Management uses these oil and gas metrics for its own
performance measurements and to provide shareholders with measures
to compare our operations over time. Readers are cautioned that the
information provided by these metrics, or that can be derived from
the metrics presented in this press release, should not be relied
upon for investment or other purposes.
Drilling Locations
This press release discloses drilling inventory in two
categories: (i) booked locations (proved and probable); and (ii)

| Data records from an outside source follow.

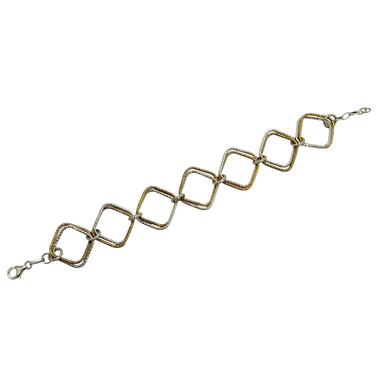 Il Bracciale originale donna Fraboso in argento 925 è un autentico capolavoro di artigianato italiano. Perfetto per valorizzare ogni look, si distingue per il suo design innovativo caratterizzato da quadrati diamantati parzialmente placcati in oro rosè, che conferiscono un’eleganza unica e ricercata. Le dimensioni dei quadrati, pari a 2 cm di lato, rendono il gioiello visivamente raffinato senza essere eccessivamente appariscente.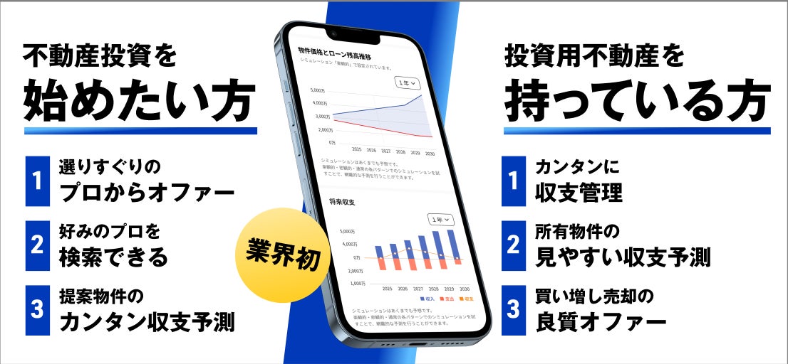 投資家向けアプリ「Propally」は、物件の検討から購入、収支管理、売却までをスマホ一つで完結させ、収支シミュレーションや、最適なプロとのマッチングなどワンストップでサポート。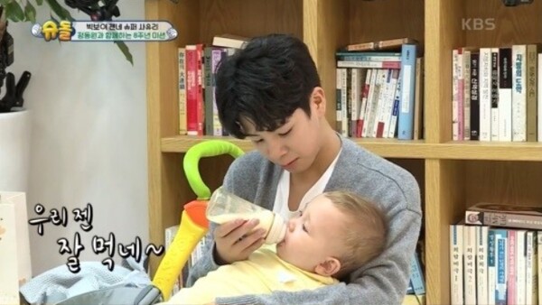 하지만 기저귀 가는 모습을 본 정동원은 충격에 휩싸였다. 그는 차마 아기의 응가를 보지 못하고 괴로워했다. 이어 재빨리 젠의 응가를 치운 사유리는 "괜찮아요? 많이 놀랐죠?"라며 “남의 똥 본 적 없어요?"라고 물었다. 이에 정동원은 "개똥 말고는 본 적이 없다"라고 말해 웃음을 안겼다. 젠이 3번째 연속 똥을 싸자 정동원은 멘붕에 빠졌고, 이를 갈기 위해 기저귀를 뺀 순간 젠이 또 똥을 싸 촬영장을 초토화시켰다.

unbooked locations. Booked locations represent the summation of
proved and probable locations, which are derived from McDaniel
& Associates Consultants Ltd.'s reserves evaluation effective
December 31, 2023 and account for
drilling locations that have associated proved and/or probable
reserves, as applicable. Unbooked locations are internal estimates
based on our prospective acreage and an assumption as to the number
of wells that can be drilled per section based on industry practice
and internal review. Unbooked locations do not have attributed
reserves or resources.
- Of the 6,400 (5,600 net) drilling locations identified herein,
1,590 (1,374 net) are proved locations, 323 (271 net) are probable
locations, and 4,487 (3,955 net) are unbooked locations.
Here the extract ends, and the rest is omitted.